Trudno je sobie dzisiaj wyobrazić biorąc pod uwagę, że linia w ramach oszczędności rezygnuje z zatrudniania na umowę o pracę na rzecz B2B. W efekcie starzy pracownicy się wykruszają, a LOT może mieć problemy ze skompletowaniem pełnej załogi w trakcie wakacji.
LOT-em do Azji i Ameryki
Inna sprawa, że te wyleasignowane samoloty musiałyby mieć gdzie latać. Serafin uważa tymczasem, że LOT nie jest w stanie nawiązać walki z konkurencją na żadnym z pożądanych przez siebie kierunków.
W Europie mamy trzy gigantyczne grupy, które rynkiem sieciowych przewozów, bo o takich mówimy, rządzą. Dodatkowo dochodzi Turkish Airlines, szczególnie jeśli mówimy o przewozach Europa-Azja
- stwierdził ekspert
„Przez pandemią 85 proc. przewozów północnoatlantycki było kontrolowanych przez trzy grupy przewoźników amerykańskich i europejskich. Dla innych zostawały resztki" - dodał dziennikarz Rynku Lotniczego.
Niezbyt optymistycznie wygląda też połączenie z Dalekim Wschodem. Serafin zauważył, że poza wspomnianymi wyżej grupami o sloty rywalizuje Turkish Airlines, Finnair i kilku przewoźników z Zatoki Perskiej jak Emirates, hojnie obsypywanych pieniędzmi w razie potrzeby przez szejków. W dalszej przyszłości do tego grona mógłby dołączyć Aerofłot.

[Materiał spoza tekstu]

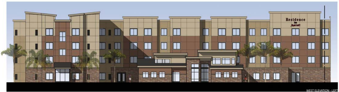
Redondo Beach Hotel

The Redondo Beach Hotel received $45M by the Committee to build two hotels, a Residence Inn and a Hilton Gardens Inn on the campus of Redondo Beach. The combined jobs created will provide 107 permanent jobs with salary ranges from $30,000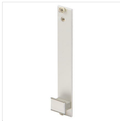
Illustration shows plug-in unit, 3 U, 4 HP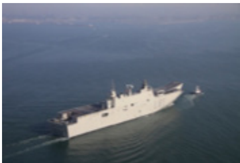
Juan Carlos 1 approaching to her homeport, Rota Naval Base in Spain 76

M: Military Missions, A: Auxiliary Missions, C: Civilian Missions, for detailed assessment 75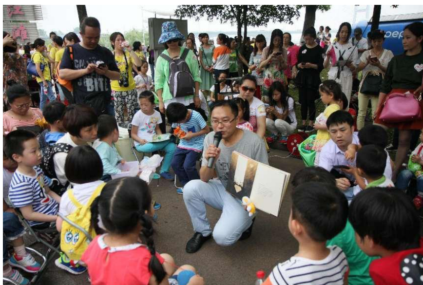
Fig. 5. Picture Book Story Activity

LOT musi też uważać na dwie agresywne tanie linie - Ryanair i Wizzair. Obie, wskazał Serafin, działają na innym segmencie rynku., ale starają się odbierać maksymalną liczbę pasażerów konkurentom
Trzeba podkreślać, że LOT jest w tej chwili średnio-małym przewoźnikiem. Musi wykonać ogromny skok do przodu, żeby to wszystko miało sens.

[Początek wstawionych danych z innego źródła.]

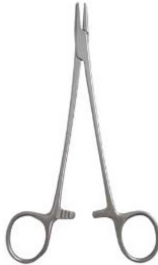
Mayo-Hegar Needle Holder V-3402- Stainless steel. 6",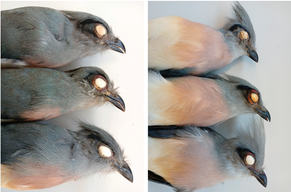
Figure 7 (left). Three heads of specimens of Coua cristata cristata held in the Natural History Museum, Tring, top to bottom: NHMUK 1931.8.18.515, 1931.8.18.513, 1931.8.18.510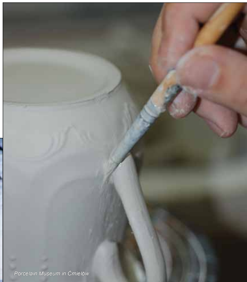
Porcelain Museum in Ćmielów

Ćmielów is famous for the production of the highest quality porcelain. The Porcelain Factory AS Ćmielów produces porcelain ware with the use of original models and moulds that survived together with the worldwide known traditions of the Ćmielów porcelain products. A logo of Ćmielów Exclusive is now found on the newest products of the Ćmielów factory: porcelain jewellery items. They are all hand-made and hand-decorated. The Live Museum of Porcelain was established on the factory premises in 2005. This unique institution not only displays the factory products, but also let visitors participate in the process of production as well as offer them a chance of making a finished items themselves.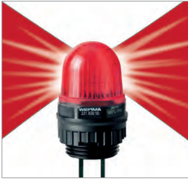
Mainly sideways illumination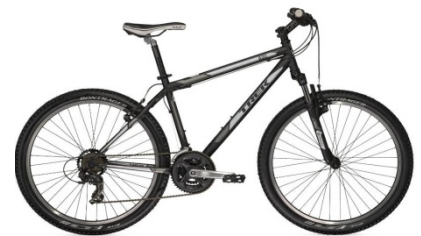
Latest Trek Bike Models

- twierdzi były dyrektor LOT-u
Sukces albo potężna klęska
Między bajki można też włożyć twierdzenia o znakomitym położeniu polskiego megaportu. By dolecieć do Japonii, Korei czy Chin LOT musi lecieć nad Syberią. Z oczywistych względów szanse, że rosyjski nadzór wyda zgodę na takie podróże jest zerowy.
Problemy pojawiały się zresztą również przed wojną. Finnair dostał od Rosjan zgodę na wykonanie 99 połączeń tygodniowo do 5 miast w Chinach. LOT nie potrafił tymczasem zwiększyć liczby pozwoleń z czterech lotów, jakie mógł wykonać do Pekinu.

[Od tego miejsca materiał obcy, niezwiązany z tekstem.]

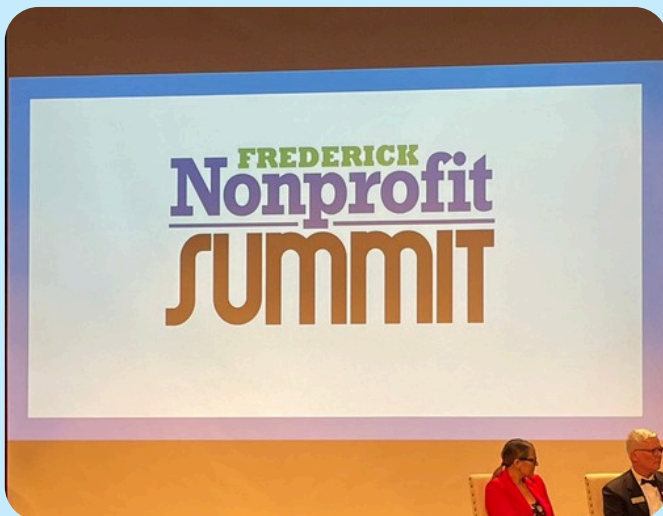
Frederick Nonprofit Summit

W dodatku, tłumaczył Serafin, zagospodarowywanie rzekomej pustki w Europie Środkowo-Wschodniej to bzdura. W naszym regionie panuje grupa Lufthansy, która ze swoimi hubami ma ogromną część rynku przewozów sieciowych.
LOT przy tych gigantach jest maluchem, który mówi swojemu właścicielowi: jak nam zbudujecie wielki port, to my się staniemy gigantem. Tylko co się stanie jak gigantem nie będzie?
- pytał retorycznie Marek Serafin
„To ma charakter zero-jedynkowy. Jak się uda, to mamy sukces, ale jak się nie uda, to mamy ogromną porażkę, która wiąże się z ogromnymi stratami" - spuentował ekspert.